Он вытащил из-под подушки часы, они показывали начало одиннадцатого. Я совершенно не могла припомнить, когда он их положил туда, ведь я же перестилала постель.
— Ты чудо! — с неожиданным восторгом сказал Виктор, воодушевляя моих бабочек. — Я сам всегда мечтал уснуть вот так, как ты говоришь, «внутри друг друга». Но всегда все женщины хотели апогея, — неуместно добавил он.
— Все мужчины тоже, — не более уместно вырвалось у меня.
— Да дураки они! Нам с тобой они не указ!
Мы нашли друг друга!
Он жизнерадостно поцеловал мой лоб, скользнул губами к вискам, руками притягивая к себе мою голову, и необходимость апогея обрушилась на нас майской грозой.
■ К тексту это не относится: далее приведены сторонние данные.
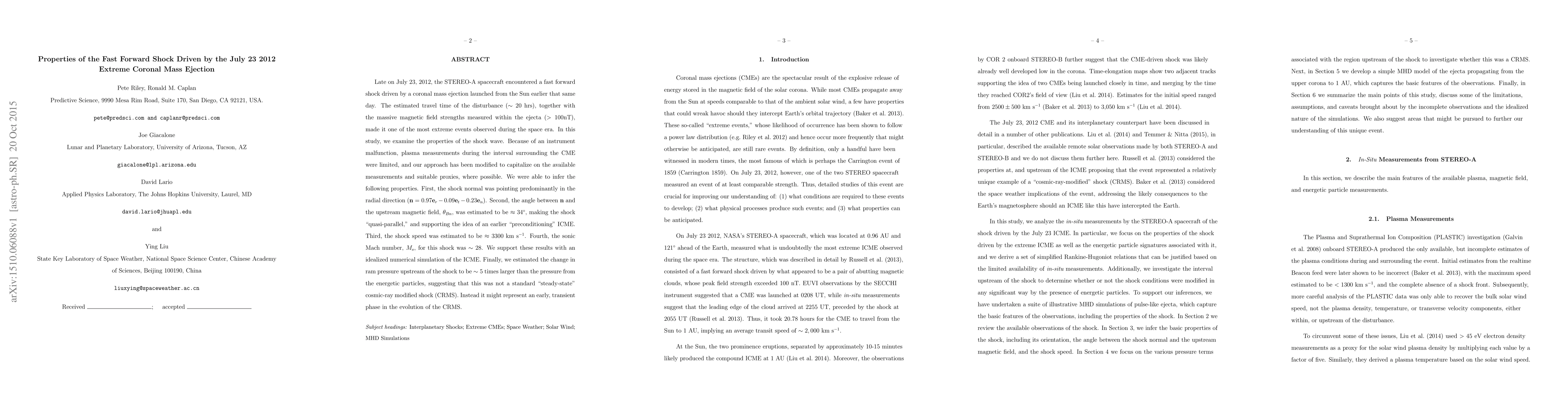 Late on July 23, 2012, the STEREO-A spacecraft encountered a fast forward shock driven by a coronal mass ejection launched from the Sun earlier that same day. The estimated travel time of the disturbance ($\sim 20$ hrs), together with the massive magnetic field strengths measured within the ejecta ($> 100$nT), made it one of the most extreme events observed during the space era. In this study, we examine the properties of the shock wave. Because of an instrument malfunction, plasma measurements during the interval surrounding the CME were limited, and our approach has been modified to capitalize on the available measurements and suitable proxies, where possible. We were able to infer the following properties. First, the shock normal was pointing predominantly in the radial direction (${\bf n} = 0.97 {\bf e}_r -0.09 {\bf e}_t -0.23 {\bf e}_n$). Second, the angle between ${\bf n}$ and the upstream magnetic field, $\theta_{Bn}$, was estimated to be $\approx 34^{\circ}$, making the shock "quasi-parallel," and supporting the idea of an earlier "preconditioning" ICME. Third, the shock speed was estimated to be $\approx 3300$ km s$^{-1}$. Fourth, the sonic Mach number, $M_s$, for this shock was $\sim 28$. We support these results with an idealized numerical simulation of the ICME. Finally, we estimated the change in ram pressure upstream of the shock to be $\sim 5$ times larger than the pressure from the energetic particles, suggesting that this was not a standard "steady-state" cosmic-ray modified shock (CRMS). Instead it might represent an early, transient phase in the evolution of the CRMS.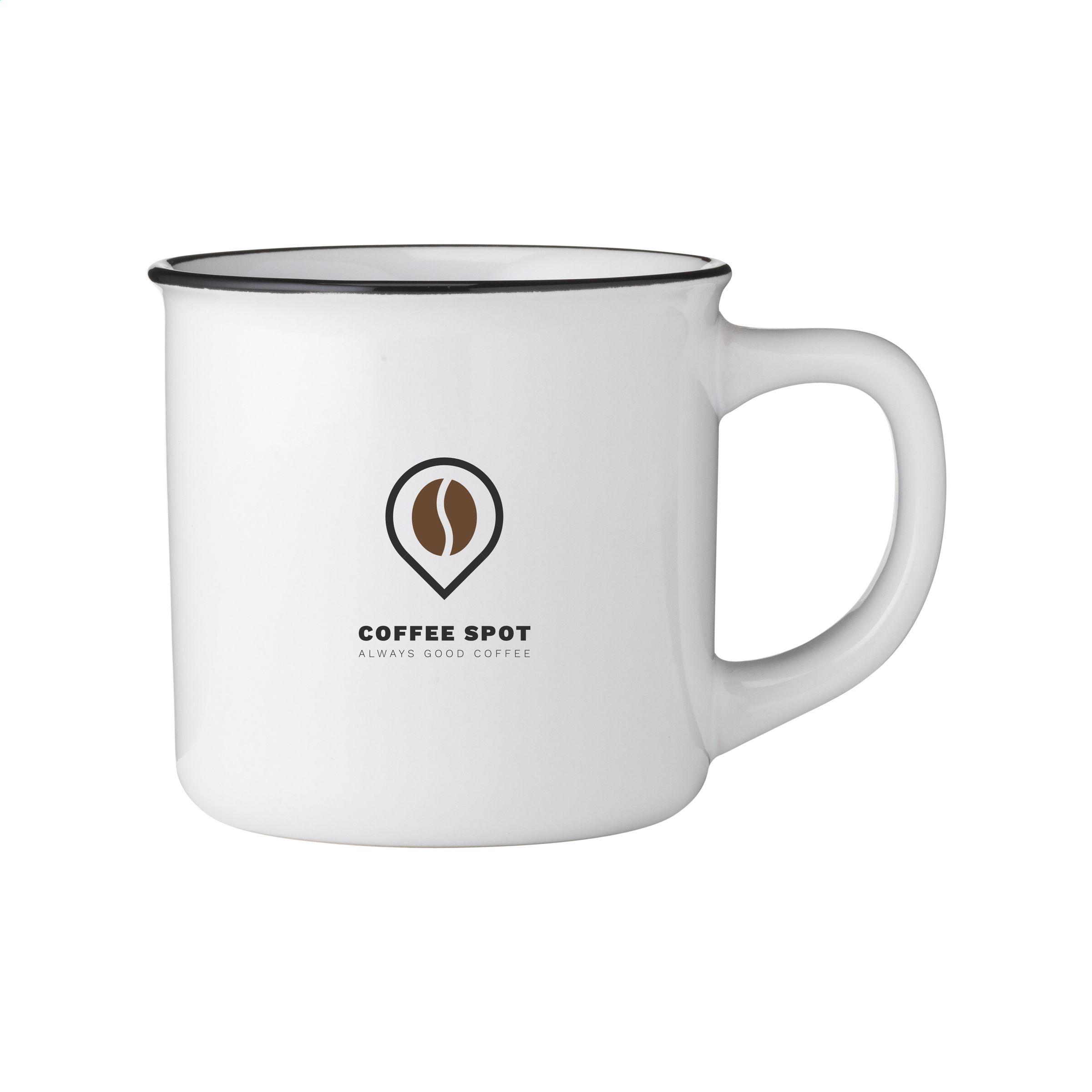 Hochwertiger Keramikbecher im beliebten Retrostil. Fassungsvermögen 320 ml. Spülmaschinenfest. Der Druck ist spülmaschinengeprüft und zertifiziert: EN 12875-2.

И все произошло захватывающе и феерически мгновенно, незатейливо, но до того удачно, что я расплакалась от забившихся во всех атомах моего существа счастливых мотыльков...
— Софи, но сейчас-то что не так? — переполошился Виктор.
— Все хорошо, — всхлипнула я. — Иди гуляй с собакой.
— Ты всегда ревешь, если не родится идея?
— Нет, в первый раз... Мне нужен платок. Где моя сумочка?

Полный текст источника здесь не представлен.